She held out her hands and smiled to the open nature welcoming it, embracing it in all its glory.

“This is life. Calm, serene and most importantly beautiful.”

A camera adorned her neck but somehow she did not want to take a click. She wanted the scenic beauty to create the most perfect photo on her retina whose snap shall always be a part of her memory. Surprisingly the weight of the camera did not seem as much of a burden as much once the only sign of her marriage, her mangalsutra, had felt.
She did not want to think about it. Not at least now. But the reasoning of her mind lost to the memories she had in her heart. She did not realize that it had been five years, five whooping years since she left home. The home which was never her own.

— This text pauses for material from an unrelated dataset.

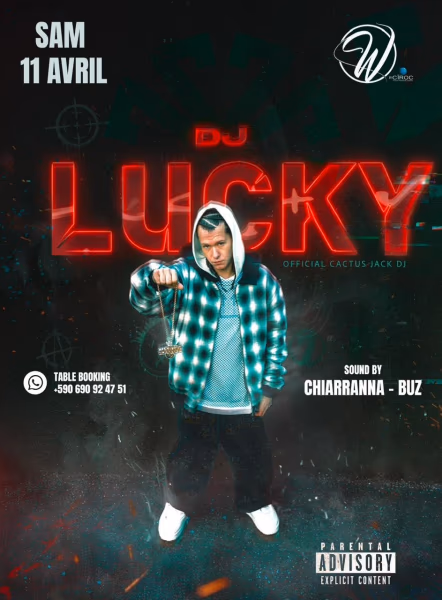 Samedi 11 avril au W club dès 22hDJ LUCKY (official cactus jack DJ) posera ses platines au W club pour une soirée d’anthologieAccompagné de Chiarranna tout droit sortit de Paris, ainsi que Buz dj résident du W club, pour vous faire danser toute la soiréeVenez vivre l’expérience d’une soirée où la hype et la folie seront de pairs.Early bird 15€Preventes 20€Last minute 25€Reservation table via WhatsApp : +590690503559La direction de laisse le droit d’entrée.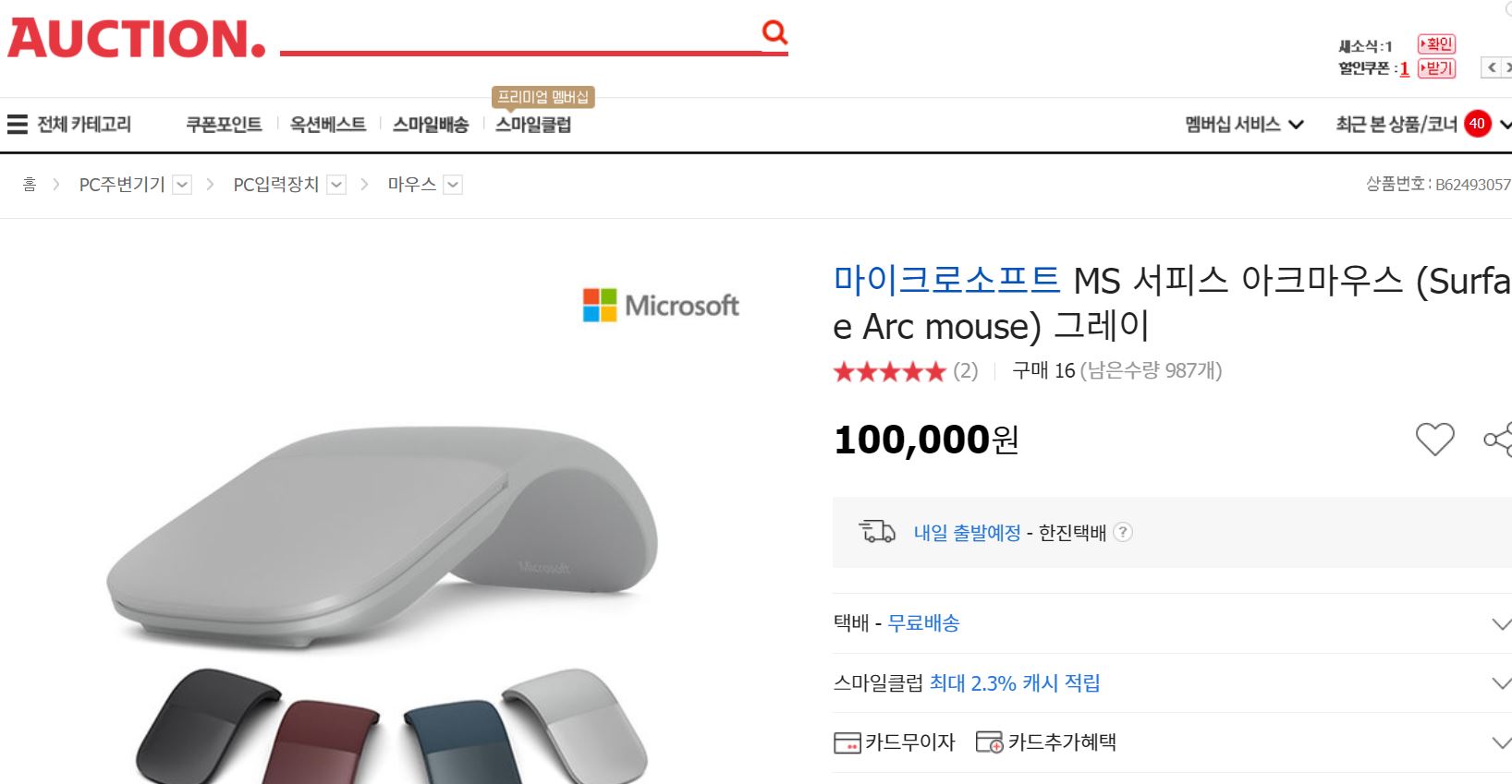 MS 아크마우스가 제일 가벼워서, 옥션에서 가격은 10만원 그리고

She was 21 when she got married to a man who claimed to have fallen in love with her the very moment he saw her for the first time. In a matter of merely a month they were husband and wife. The first month was a bliss, a sweet never ending honeymoon that abruptly came to a halt when during a heated conversation, he slapped her for the first time. She was outraged, shocked and to an extent scared but she preferred staying silent. Her first mistake. She assumed that maybe he got very angry and he won’t repeat his mistake. How wrong she was. In a month she knew that he was controlling and abusive. But still she thought she could make things work out. Her second mistake. She took him to various therapists but to the outside world he was near perfect, well behaved, very loving husband who made a great pair for her. Every now and then he beat her for things as absurd as talking to the neighbour. She suffered but never spoke a word to anyone about it. Her pride and her crushed self esteem did not allow her to do that. Ten years, the most beautiful ten years of her youth passed by in misery. She kept finding excuses to stay and he kept abusing her in different ways. Every love has its limits, hers had been stretched way too much. They did not have kids and he shamelessly called her barren without even getting himself checked once. She was not barren, she knew it but found it unnecessary to prove. There was anyway no one who would have listened. Staying weak for so many years, she became a volcano. A volcano that was ready to erupt.
And one fine evening it did.

He came home and found that the tea had no sugar. He threw the boiling tea at her. It scathed her arms but then stirred her soul. She got up and slapped him hard. She looked deep into his eyes and told him firmly that if he dared to touch her again she’ll call the police and get him behind the bars. The very next morning she packed her bags and left. She had earned enough in those ten years to have a decent saving. She left no note, no number, no address. For him she disappeared.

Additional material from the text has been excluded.